Nous allons au temple Wat Ratchanatda pour acheter des petits Bouddhas en laiton pour compléter ma collection. C’est un vrai bric-à-brac de statuettes en bronze, en matière plastique, en résine, de médailles et de bijoux de pacotille. On y trouve des effigies de bonzes défunts tellement réalistes qu’on a la sensation d’être observé à travers des paupières de cire mi-closes. L’une des vedettes de ces bonzes est Loung Poukoung, un vieux bonze à moitié sorcier. Il guérit pratiquement toutes les maladies en faisant asseoir le malade sur le sol devant lui, et en mettant ses jambes sur ses épaules.
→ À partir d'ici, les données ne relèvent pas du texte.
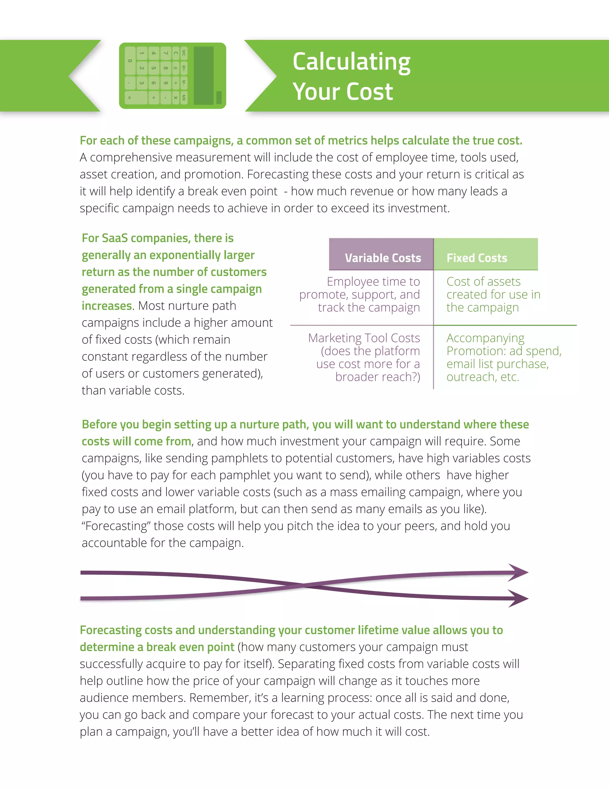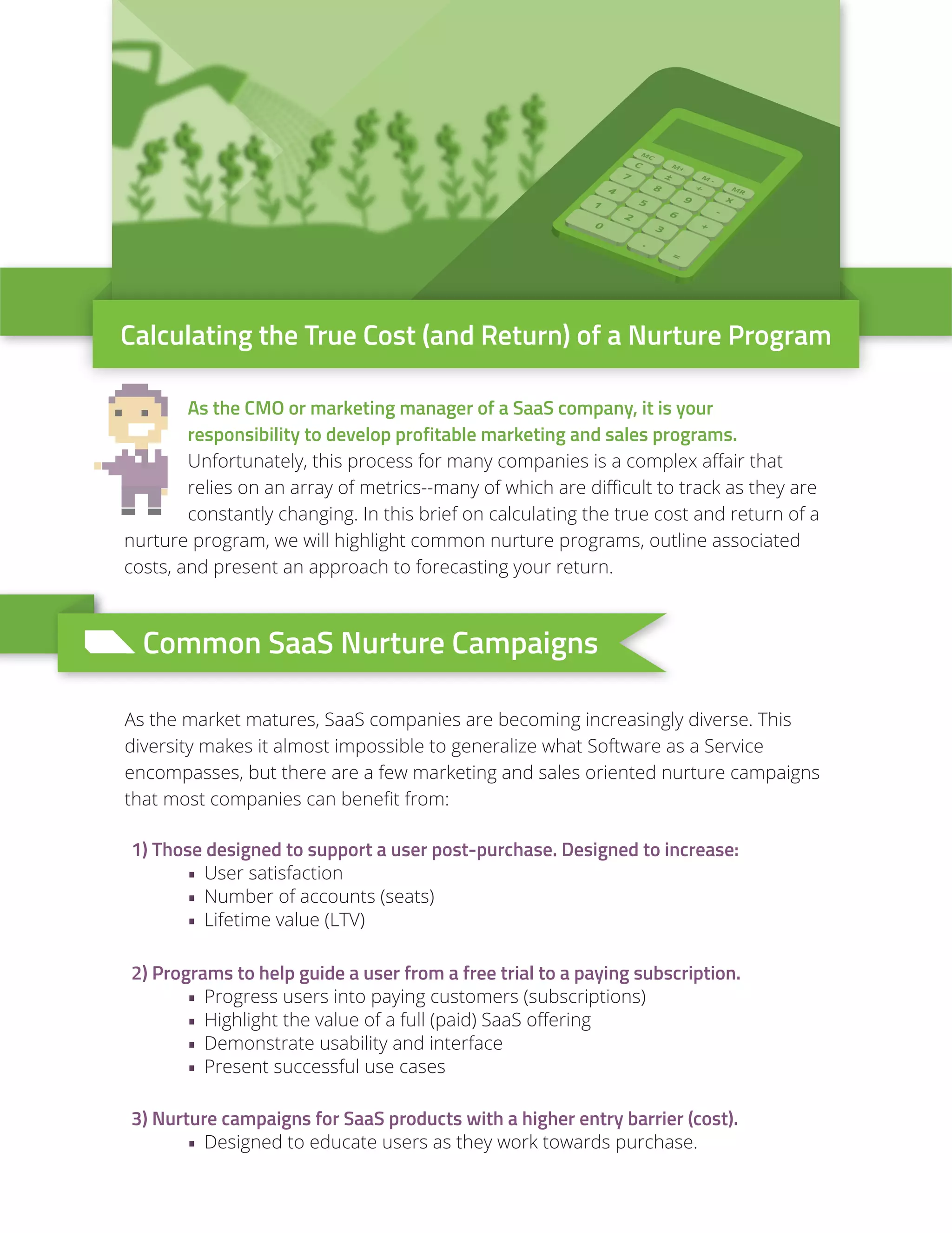 This document discusses how to calculate the true costs and returns of nurture marketing programs for SaaS companies. It outlines common nurture campaigns, associated fixed and variable costs, and how to forecast returns. It recommends separating costs, choosing an attribution model to fairly assign revenue from multiple touchpoints, and calculating the break even point for customers needed to cover program costs based on average customer lifetime value. The goal is for nurture programs to break even or provide a positive return on investment.

Cela ressemble à un accouplement dantesque… mais ça fonctionne souvent très bien ! Ce vieux bonze est représenté tirant sur un gros cigare, ce qui est, en soi une hérésie, les bonzes ne devant ni fumer ni boire de l’alcool. Dans tout ce fouillis d’objets dorés, clinquants et tapageurs, on peut trouver, au fond d’un couloir obscur, de superbes statues, parfois grandeur nature, de rois ou de Bouddha en bronze sombre et terne. Certaines, couvertes de vert-de-gris ou de poussière ont acquis la noblesse des vieilles œuvres d’art.
Nous revenons vers le khlong « Mahanak » ( canal ) en passant près du temple Wat Sa Ket où, il y a encore un siècle, on exposait les défunts pour donner la curée aux vautours et aux chiens. La crémation était réservée aux gens fortunés… Payez-vous le ciel selon vos moyens ! Sur l’avenue Thanon Ratchadamnoen Klang, je distingue les quatre bras, levés vers le ciel du monument à la démocratie émergeant du flot infernal des embouteillages.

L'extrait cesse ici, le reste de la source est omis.